Calculation of spatiotemporal habitats and habitat risk score.— Four consecutive MRI examinations were used in the analysis: immediate postoperation (examination 1, postop), the first visit after CCRT (examination 2, post-CCRT #1), the second visit after CCRT (examination 3, post-CCRT #2), and the third visit after CCRT (examination 4, post-CCRT #3). There was a 3-month interval between each examination. First, changes in the number of voxels within the entire CEL and within each habitat were calculated between sequential examinations. Second, the habitat risk score, determined by discrete increases in hypervascular and hypovascular cellular habitats between sequential examinations, was calculated. This habitat risk score was calculated by adding 1 point when a temporal change in each habitat exceeded a predefined cutoff. The cutoffs for the discrete scores were defined as an increase of ≥1 voxel for hypervascular cellular habitat and an increase of more than 130 voxels for hypovascular cellular habitat, as established in a previous study.18 For example, when a patient showed an increase in both hypervascular cellular habitat (≥1 voxel) and hypovascular cellular habitat (>130 voxels), then the habitat risk score was 2. When a patient showed an increase in either hypervascular cellular habitat (≥1 voxel) or hypovascular cellular habitat (>130 voxels), the habitat risk score was 1. If a patient did not show an increase in either hypervascular cellular habitat (≥1 voxel) or hypovascular cellular habitat (>130 voxels), the habitat risk score was 0.
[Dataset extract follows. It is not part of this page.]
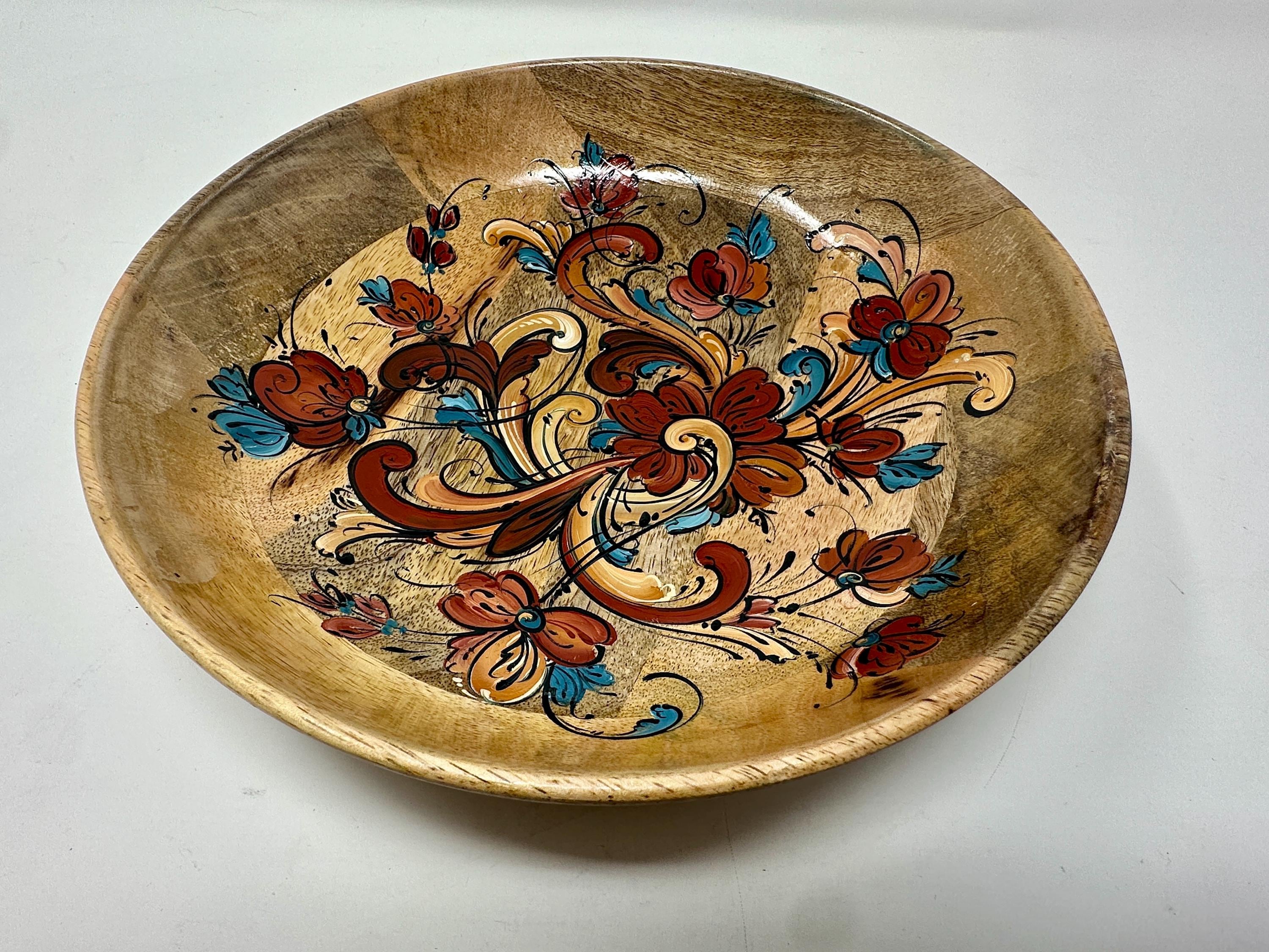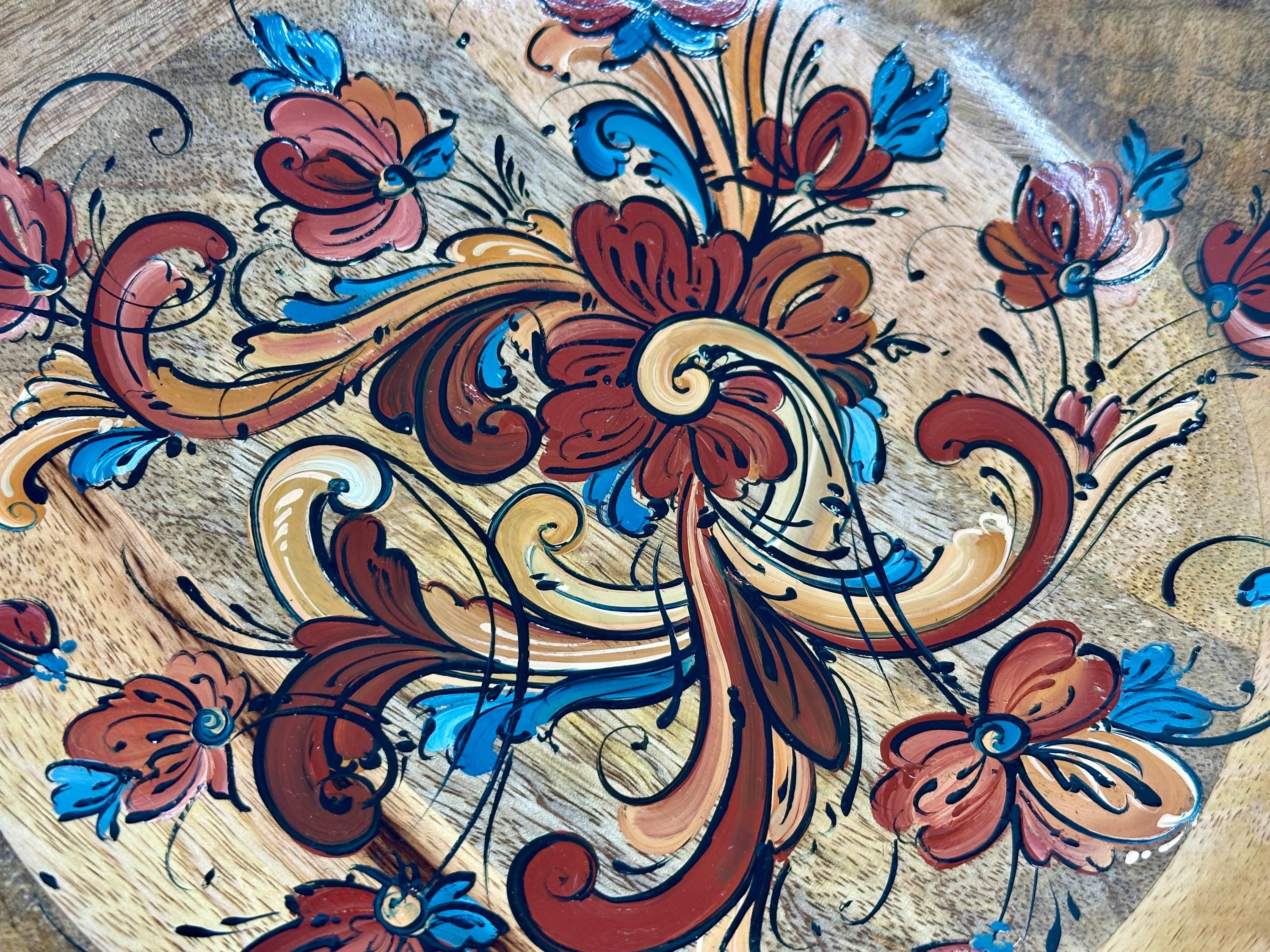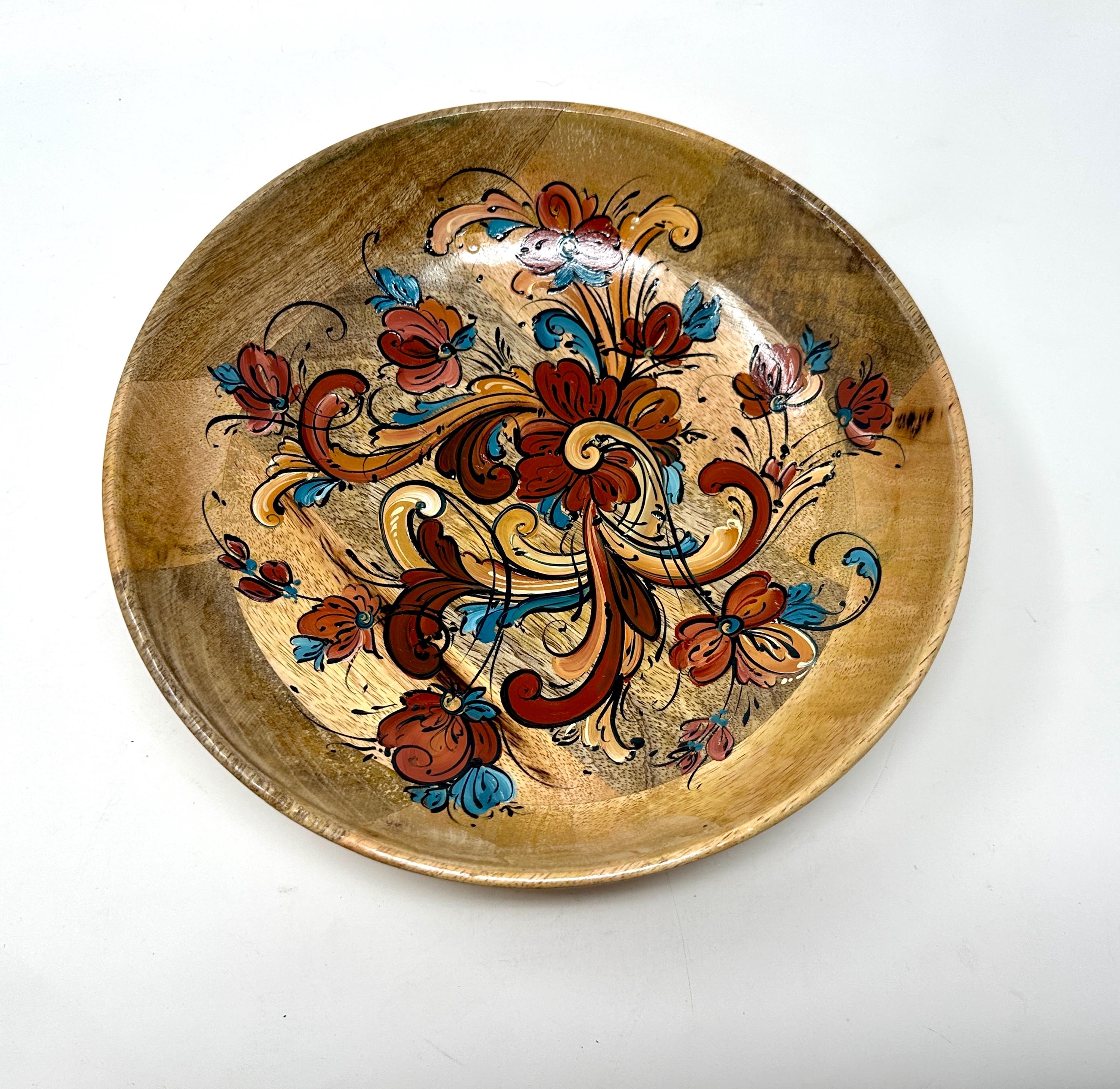 Handpainted mango wood bowl with Telemark Rosemaling. oil paint sealed with shellac, a food safe natural finish.

Analysis of site of progression.— The site of progression was analyzed on the follow-up examination at the time of progression. The volume of CEL at the time of progression was matched with the habitats identified in post-CCRT#1 or post-CCRT #2 examination. The overlap between each spatiotemporal habitat and the CEL volume at the time of progression was quantified using the Dice similarity coefficient, Dice coefficient = 2|P ∩ R|/(|P|+|R|),24 where P represents each spatiotemporal habitat and R represents the CEL volume at the time of progression. The Dice coefficient ranges between 0 (no overlap) and 1 (perfect agreement). When tumor progression was diagnosed by surgical excision without a follow-up MRI examination, the site of tumor progression could not be determined.
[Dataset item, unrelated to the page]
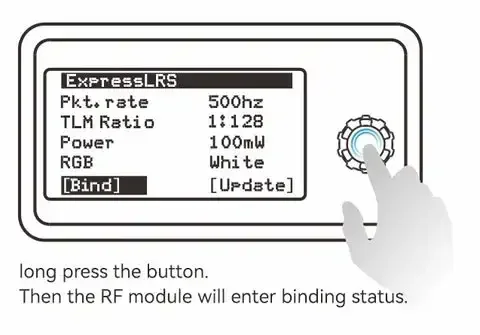 The Micro RF TX module comes with offically major release V1.1.0 protocol and no Binding Phrase inlcuded. So please make sure the receiver works on offically major release V1.0.0~V1.1.0 protocol. And no Binding Phrase setted. Micro RF TX module could enter binding status via ELRS.lua script, as description in "LUA Script" chapter. Besides, using the button and OLED, move to the BIND position and long press the button. Then the RF module will enter binding status.

The overall process of the tumor habitat analysis is shown in Supplementary Figure 1.
Statistical Analysis
Statistical analysis was performed by an expert biostatistician (BLINDED, with 15 years of experience in biostatistics). All statistical analyses were conducted using the R Statistical Package (version 3.6.3, Institute for Statistics and Mathematics, http://www.R-project.org). A P-value < .05 was considered statistically significant.
Sample size.
—The methodology described here adheres to the REMARK (Reporting Recommendations for Tumor Marker Prognostic Studies) recommendations.25 The sample size was calculated according to a Cox proportional hazards regression model with nonbinary covariates.26 Death rates of 0.5–1.0 represent 51 deaths, with a sample size between 51 and 102 patients, yielding an expected power of 80% and an alpha error of 5%.
Use of spatiotemporal habitat and habitat risk score to predict TTP and OS.
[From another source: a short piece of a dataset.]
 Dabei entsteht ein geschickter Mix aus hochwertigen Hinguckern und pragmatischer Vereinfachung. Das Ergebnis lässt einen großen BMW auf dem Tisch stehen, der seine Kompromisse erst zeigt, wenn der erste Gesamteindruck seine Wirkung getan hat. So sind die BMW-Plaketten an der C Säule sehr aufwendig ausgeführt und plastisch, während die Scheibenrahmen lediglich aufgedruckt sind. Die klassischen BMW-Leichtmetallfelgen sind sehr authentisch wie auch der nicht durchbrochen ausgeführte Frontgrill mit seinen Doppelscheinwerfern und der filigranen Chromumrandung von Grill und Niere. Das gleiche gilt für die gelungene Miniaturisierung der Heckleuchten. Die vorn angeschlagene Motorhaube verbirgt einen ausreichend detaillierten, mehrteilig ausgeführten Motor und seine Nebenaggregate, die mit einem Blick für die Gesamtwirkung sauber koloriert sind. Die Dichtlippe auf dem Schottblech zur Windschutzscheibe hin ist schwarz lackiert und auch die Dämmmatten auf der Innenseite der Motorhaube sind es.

—Baseline characteristics including sex, age, Karnofsky performance score (KPS; binary, score >70 or ≤70), initial tumor volume, O6-methylguanine-DNA-methyltransferase (MGMT) promoter status, and extent of surgery were analyzed using descriptive statistics.
To analyze the associations of spatiotemporal habitats and habitat risk score with TTP and OS, univariable and multivariable analyses were conducted using a Cox proportional hazards regression model. The spatiotemporal habitat and habitat risk scores between two consecutive MRI examinations were considered as time-dependent covariates for Cox proportional hazards regression analysis because these predictor variables varied over time (post-CCRT #1, #2, and #3).27 For the calculation of TTP and OS, time zero was set as post-CCRT #1. Hazard ratios (HR) for spatiotemporal habitat indicate the relative change in hazard incurred by a 1-unit increase in each parameter, with 20,000 voxels defining a single unit in a previous study.18
Diagnostic performance for predicting pseudoprogression.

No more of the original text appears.